Linear Hashing with ℓ∞ guarantees and two-sided Kakeya bounds

We show that a randomly chosen linear map over a finite field gives a good hash function in the $\ell_{\infty}$ sense. More concretely, consider a set $S\subset\mathbb{F}_{q}^{n}$ and a randomly chosen linear ${map}L:\mathbb{F}_{q}^{n}\rightarrow\mathbb{F}_{q}^{t}$ with q ^t taken to be sufficiently smaller than $|S|$. Let U S denote a random variable distributed uniformly on S. Our main theorem shows that, with high probability over the choice of L, the random variable $L(U_{S})$ is close to uniform in the $\ell_{\infty}$ norm.
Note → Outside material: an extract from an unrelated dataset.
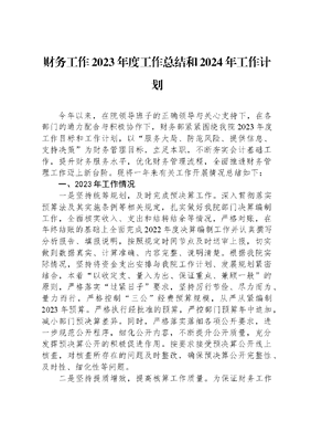 财务工作2023年度工作总结和2024年工作计划今年以来,在院领导班子的正确领导与关心支持下,在各部门的通力配合与积极协作下,财务部紧紧围绕我院2023年度工作目标和工作计划,以服务大局、防范风险、提供信息、支持决策为财务管理目标,立足本职,不断夯实会计基础工作,提升财务服务水平,优化财务管理流程,全面推进财务管理工作迈上新台阶。现将一年来有关工作开展情况总结如下:一、2023年工作情况一是坚持统筹规划,及时完成预决算工作。深入贯彻落实预算法及其实施条例等相关规定,扎实做好我院部门决算编制工作,全面核实收入、支出和结转结余等情况,严格对账,在年终结账的基础上全面完成2022年度决算编制工作并认真撰写分析报告、填报说明,按照规定时间节点及时送审上报,切实做到数据真实、计算准确、内容完整、说明清楚。根据我院实际情况,坚持将资金支出安排与我院工作计划、发展规划紧密结合,本着以收定支、量入为出、保证重点、兼顾一般的原则,严格落实过紧日子要求,坚持厉行节俭、尽力而为、量力而行,严格控制三公经费预算规模,从严从紧编制2023年预算。严格执行经批准的预算,严控部门预算年中追加,减小部门预决算差异。同时,严格落实落细各项公开要求,进一步规范公开程序,细化公开内容,不断提升公开质量,充分发挥预决算公开的积极促进作用。按要求接受预决算公开线上核查,对核查所存在的问题及时整改,确保预决算公开完整性、及时性、细化性等问题。二是坚持提质增效,提高核算工作质量。为保证财务工作的合规性,坚持以强化财务报销内控流程、提升财务服务水平为主线,按时完成财务记账、结账和账务处理工作,及时编制各项财务报表,真实地反映我院财务状况。严格按照财政部门国库集中支付的相关要求,按时按月申报用款计划,及时掌握我院资金使用情况,安排好各项经费支出,每月与财政、银行及时对账,按照支出进度合理使用资金。及时掌握各项费用的开支范围和标准,扎实做好财务报账工作,严格遵守国家财经纪律,本着客观、严谨、细致原则,按照财务报销制度和会计基础工作规范化要求进行报账,认真审核原始凭证,确保原始凭证的真实、合法、准确、完整。强化核算监督工作,积极进行内部核算和分析,及时与各部门完成对账,加强对各项业务的财务监督管理,加强可控费用的控制、执行力度,加强经济活动分析,为领导决策提供参考依据。严格按照会计档案管理规范要求,及时完成2022年度会计凭证装订,并做好会计档案的整理和归档工作。三是坚持严谨规范,切实规范采购行为。严格规范采购,自电子卖场开通以来,本年度由最初的办公用品采购到公务用车维护,办公设备、仪器设备采购,政府购买服务采购等逐步实行线上采购,进一步规范了我院政府采购限额标准以下的货物、服务和工程采购,完善了采购内控机制,为规范采购行为提供了有力支撑。配合综合管理部完成了全院办公设备采购,配合检测中心完成了2023年度检测技术升级。四是坚持建章立制,不断强化资产管理。全力做好国有资产账务管理工作,制定《国有资产管理实施办法》,坚持以资产管理精细化、数字化为导向,从源头加强国有资产管理。及时更新行政事业单位资产管理信息系统,进一步完善固定资产基础数据库,加强数据分析,为资产管理提供依据,强化资产配置与资产使用、处置的统筹管理,切实提升资产使用效益。按照上级要求及时编报2022年度行政事业性国有资产年报,对我院资产总体情况以及配置、使用、处置、收益等管理情况进行了分析和总结。坚持在货币资金的管理上,实行现金日清月结、银行存款结算准确,切实做到账账相符、账实相符,保证各项资金收付安全、准确、及时。积极做好往来账款清理工作,在往来账款管理上及时与各部门进行沟通、对账,对各项往来账款进行催缴及清理,保证我院款项的及时收回和正常运转。同时,推进对外投资转让事宜。五是坚持科学谋划,扎实做好税收筹划。充分认识税收筹划的重要意义,综合分析税法政策规定及我院经营情况,科学制定税收筹划方案,从增值税、个人所得税以及涉税风险管理等多个方面着手,推进税收筹划工作,在降低纳税成本的基础上,防范潜在的纳税风险。及时掌握国家税法新政策的出台,利用国家相关税收优惠政策,根据《财政部、税务总局关于进一步实施小微企业六税两费减免政策的公告》文件精神,积极落实六税两费减免政策,我院房产税、城建税等减赋50%,最大限度地降低了我院税负,减少了税收负担,增加了经济效益。坚持每月严格按照纳税申报时间节点,及时、准确填报税务机关要求填制的各类税务报表,及时完成各项税费申报,及时足额缴纳各类税款。积极做好汇算清缴工作,在规定的时间内向税务局报送2022年度企业所得税纳税申报表,及时完成汇算清缴,并及时跟进个税汇算清缴工作,选择合理的计税方式降低职工税负。六是坚持用心用情,做好公积金管理工作。为了保障我院职工切身利

In other words, every element in the range $\mathbb{F}_{q}^{t}$ has about the same number of elements in S mapped to it. This complements the widely-used Leftover Hash Lemma (LHL) which proves the analog statement under the statistical, or $\ell_{1}$, distance (for a richer class of functions) as well as prior work on the expected largest ’bucket size’ in linear hash functions [1]. By known bounds from the load balancing literature [2], our results are tight and show that linear functions hash as well as truly random function up to a constant factor in the entropy loss. Our proof leverages a connection between linear hashing and the finite field Kakeya problem and extends some of the tools developed in this area, in particular the polynomial method.